|
Невольники, побывавшие прежде в других городах и странах, говорили, что жизнь в Чуфут-Кале получше, чем, например, в Турции или же в Сирии. Объяснялось это тем, что жители Чуфут-кале бережливее, чем прочие рабовладельцы, относились к своим рабам, как, впрочем, и к другой живой и неживой собственности. Раб для них был вещью, иногда довольно дорогой. Причем вещью, приносившей: доход. Зачем же было расчетливым, разумно мыслившим владельцам раньше времени лишаться источника своего дохода? Зачем было морить пленника голодом, если и дитя понимало, что голодный раб не станет работать, хоть бей его плетьми, хоть трави собаками? И потому рабовладельцы Чуфут-Кале сносно кормили рабов, лечили их, если те болели, давали один день в неделю отдыхать. Однако любви к принадлежавшим им людям у них было не больше, чем к лошадям или мулам, которых они тоже кормили, лечили от хворей и не давали надрываться на работе до смерти.
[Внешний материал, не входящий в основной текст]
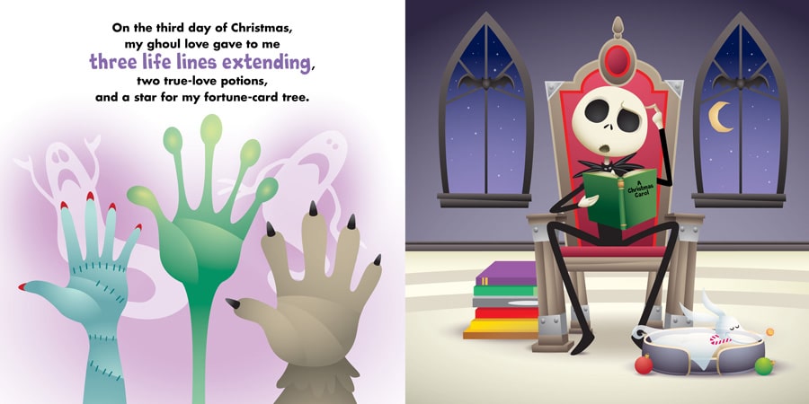 Renowned Imagineers Steven Davison and Carolyn Gardner’s text turns turtle doves and French hens into floating candles and true-love potions. When you combine that with Maruyama’s adorably spooky art style, it’s the perfect spine-chilling spin on Christmas traditions! We’re giving you an exclusive first look at what happens when two holidays collide, and an interview with Jerrod himself.

Первые несколько дней Иван лежал на соломе, не шевелясь. Не ел, не пил, смотрел в узкую щель — на синюю полоску неба, на белые кудри облаков. Ночами беззвучно плакал. Думал: «Кончилась моя жизнь, пропаду в проклятом городке». Лёжа без сна, вспоминал Иван прошлое свое житье в веселом городе Лубны. Отец его служил при дворе всесильного Иеремии Вишневецкого стремяным казаком. У себя в доме был отец буен, драчлив и вечно пьян. Бил он сына и жену смертным боем, а как зарезали отца в пьяной драке, стала бить Ивана мать, вымещая на нем прежние обиды и горечь за неудавшуюся судьбу свою. И когда исполнилось Ивану тринадцать лет, бежал он из дома куда глаза глядят и, добравшись до Полтавы, нанялся батрачить к казаку Ивану Романову. И здесь хозяин бил его и кормил худо, и когда по каким-то делам отлучился его господин из дома, Иван снова бежал и вскоре прибился к казачьему куреню на Дону.
А с шестнадцати лет стал он ходить в набеги, сначала со всем куренем, потом с сотней, а там и вышел в поле сам-четвёрт. И хоть опасно было малым числом в степь ходить, зато доставалась тебе от добычи четвертая часть, а ежели шёл с сотней, то только — сотая.
Однако не корысть уводила Ивана в степь не в сотне, а в малой ватажке. Буен был Иван, горд, непокорен — и сколь ни бились с ним сотники, куренные, кошевые, полковники — не признавал он над собой их власти. И бит был за это Иван и по-иному взыскан, однако, не только власти не покорялся, но ещё более ненавидел тех, кто карал его за непослушание. Потому-то, как только почуял Иван в себе силу — тут же ушел в степь сам-четвёрт с тремя такими же сорви-головами.
Вот и вертелся Иван у реки Миус, поджидая свою удчау.
И дождался…
Лежа в каменной норе, казалось Ивану прежнее его житье раем. И отец, и мать, и хозяин его Ивашка Романов представлялись теперь почти что херувимами…
На третью ночь будто выгорело все у Вергунёнка внутри. Перестал он плакать, перестал душу себе воспоминаниями травить, начал думать.
И к утру — придумал.
— Ох, Альгирдас, помираю я, — тихо и жалобно проговорил Вергунёнок, услышав, что лежавший у противоположной стены Альгирдас проснулся.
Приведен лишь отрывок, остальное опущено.